**About this exercise**
Please tally how many lines in the entries below include the word "para", giving only the number.

==== Data for the task

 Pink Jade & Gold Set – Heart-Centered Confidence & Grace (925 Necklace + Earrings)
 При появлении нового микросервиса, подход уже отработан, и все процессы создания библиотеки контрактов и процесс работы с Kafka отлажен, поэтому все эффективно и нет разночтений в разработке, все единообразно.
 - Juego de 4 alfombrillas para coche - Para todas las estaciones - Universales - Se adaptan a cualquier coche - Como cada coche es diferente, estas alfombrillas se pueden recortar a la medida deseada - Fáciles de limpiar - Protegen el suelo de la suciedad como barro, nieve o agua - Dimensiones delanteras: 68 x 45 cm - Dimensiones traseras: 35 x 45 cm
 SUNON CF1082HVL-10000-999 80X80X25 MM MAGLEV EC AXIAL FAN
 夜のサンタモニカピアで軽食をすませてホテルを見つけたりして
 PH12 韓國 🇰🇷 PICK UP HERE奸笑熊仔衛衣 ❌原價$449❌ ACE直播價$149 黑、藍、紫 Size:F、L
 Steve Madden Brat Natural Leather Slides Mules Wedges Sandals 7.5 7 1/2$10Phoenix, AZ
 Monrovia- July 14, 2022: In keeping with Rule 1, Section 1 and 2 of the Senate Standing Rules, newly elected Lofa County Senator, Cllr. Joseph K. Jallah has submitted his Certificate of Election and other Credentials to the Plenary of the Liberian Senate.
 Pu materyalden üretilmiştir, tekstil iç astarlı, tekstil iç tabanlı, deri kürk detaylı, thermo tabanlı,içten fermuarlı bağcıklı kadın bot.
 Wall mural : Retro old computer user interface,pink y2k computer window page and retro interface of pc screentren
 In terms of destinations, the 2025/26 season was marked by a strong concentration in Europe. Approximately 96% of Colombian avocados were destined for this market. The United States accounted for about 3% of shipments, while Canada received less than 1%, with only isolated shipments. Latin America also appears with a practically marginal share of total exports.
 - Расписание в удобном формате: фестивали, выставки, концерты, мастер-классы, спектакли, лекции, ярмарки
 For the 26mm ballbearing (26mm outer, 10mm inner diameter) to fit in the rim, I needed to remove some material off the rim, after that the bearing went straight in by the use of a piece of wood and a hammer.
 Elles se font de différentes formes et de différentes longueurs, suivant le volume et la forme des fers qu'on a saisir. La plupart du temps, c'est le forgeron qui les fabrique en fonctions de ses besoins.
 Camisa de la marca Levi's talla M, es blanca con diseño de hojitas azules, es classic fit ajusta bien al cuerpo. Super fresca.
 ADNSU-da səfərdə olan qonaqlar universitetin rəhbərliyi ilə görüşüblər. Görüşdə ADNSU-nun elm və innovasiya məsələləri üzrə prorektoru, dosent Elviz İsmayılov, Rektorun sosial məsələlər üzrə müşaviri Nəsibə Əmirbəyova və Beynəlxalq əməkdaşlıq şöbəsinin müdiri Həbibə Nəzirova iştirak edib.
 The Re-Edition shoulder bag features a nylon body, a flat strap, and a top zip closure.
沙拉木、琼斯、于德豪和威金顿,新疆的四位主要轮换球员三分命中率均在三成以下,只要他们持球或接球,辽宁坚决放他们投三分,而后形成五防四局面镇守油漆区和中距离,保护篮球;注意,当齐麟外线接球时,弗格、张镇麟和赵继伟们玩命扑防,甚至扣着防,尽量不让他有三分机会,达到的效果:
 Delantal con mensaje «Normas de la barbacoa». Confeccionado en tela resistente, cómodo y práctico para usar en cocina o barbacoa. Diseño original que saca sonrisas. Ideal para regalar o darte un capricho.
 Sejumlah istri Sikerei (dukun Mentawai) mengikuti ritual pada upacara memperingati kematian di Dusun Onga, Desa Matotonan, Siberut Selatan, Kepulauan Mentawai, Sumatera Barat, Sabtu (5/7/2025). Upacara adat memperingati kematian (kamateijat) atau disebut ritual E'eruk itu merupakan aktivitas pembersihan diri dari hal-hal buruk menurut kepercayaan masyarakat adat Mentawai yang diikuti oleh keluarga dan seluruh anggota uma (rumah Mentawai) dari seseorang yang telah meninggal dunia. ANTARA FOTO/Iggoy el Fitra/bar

========

**Written solution**
2